CIFOR cites recent trends in Indonesia, the Brazilian Amazon, and the Congo Basin as examples. In Indonesia, surging demand for biofuels, timber, and pulpwood is driving large-scale destruction of carbon-rich peatlands and rainforests, which are logged for wood and then converted for oil palm plantations. The process releases scores of millions of tons of carbon emissions every year. Meanwhile in Brazil, deforestation is driven more by currency swings, interest rates, and land prices than it is by poor farmers simply trying to eke out a marginal existence. In sub-Saharan Africa, fuelwood extraction and charcoal production are leading factors behind the continents loss of 4 million hectares a year, but pressure from industrial interests — especially the industrial agriculture sector — are rising.


“Policies that seek to halt deforestation will need to be crafted to address diverse local situations and target activities in areas such as agriculture, transportation and finance that lie well beyond the boundaries of the forest sector,” said Markku Kanninen, one of the authors of the report. “The perverse subsidies that provide incentives for clearing forest must be removed and efforts to secure property rights for local forest communities should be encouraged.”



The report is hopeful that financial incentives that compensate landowners for “environmental services” like carbon storage and watershed protection, but stresses that benefits need to reach rural populations. Otherwise the same industrial interests presently driving deforestation could well position themselves to seize rights to income streams from REDD and other ecosystem payment schemes, intensifying the “severe poverty that now afflicts the majority of rural forest communities in the developing world.”

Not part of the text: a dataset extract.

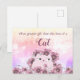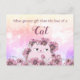 Lindo gato blanco acuarela con flores rosadas y moradas - tarjeta postal perfecta para cualquier amante de los gatos!

“Such payments to individual land-users have the potential to ‘flip’ financial incentives from favoring forest destruction, as they now do, to favoring conservation. But the key question is whether or not REDD incentives will be sufficient to flip political and economic decisions at the national level that drive deforestation,” said Seymour. “Since forest property rights are often very unclear, payment for carbon services could end up providing incentives for corrupt officials or local elites to appropriate this new forest value from local communities. We’ve seen this happen before in similar situations, and theres every reason to believe, given the kind of money now being paid for carbon credits, that it could happen again.”



The report goes on to urge policymakers to design “REDD strategies with a clear understanding of potential pitfalls and what can be done to avoid them,” including strengthening weak governance mechanisms and ensuring that the process is fair to poor forest communities.



“We need to temper the desire for maximum reduction in forest-based carbon emissions with regard for the legitimate rights of forest communities to realize the income potential of their forestlands,” Seymour said. “At times there will be trade-offs between reducing carbon emissions and reducing poverty.”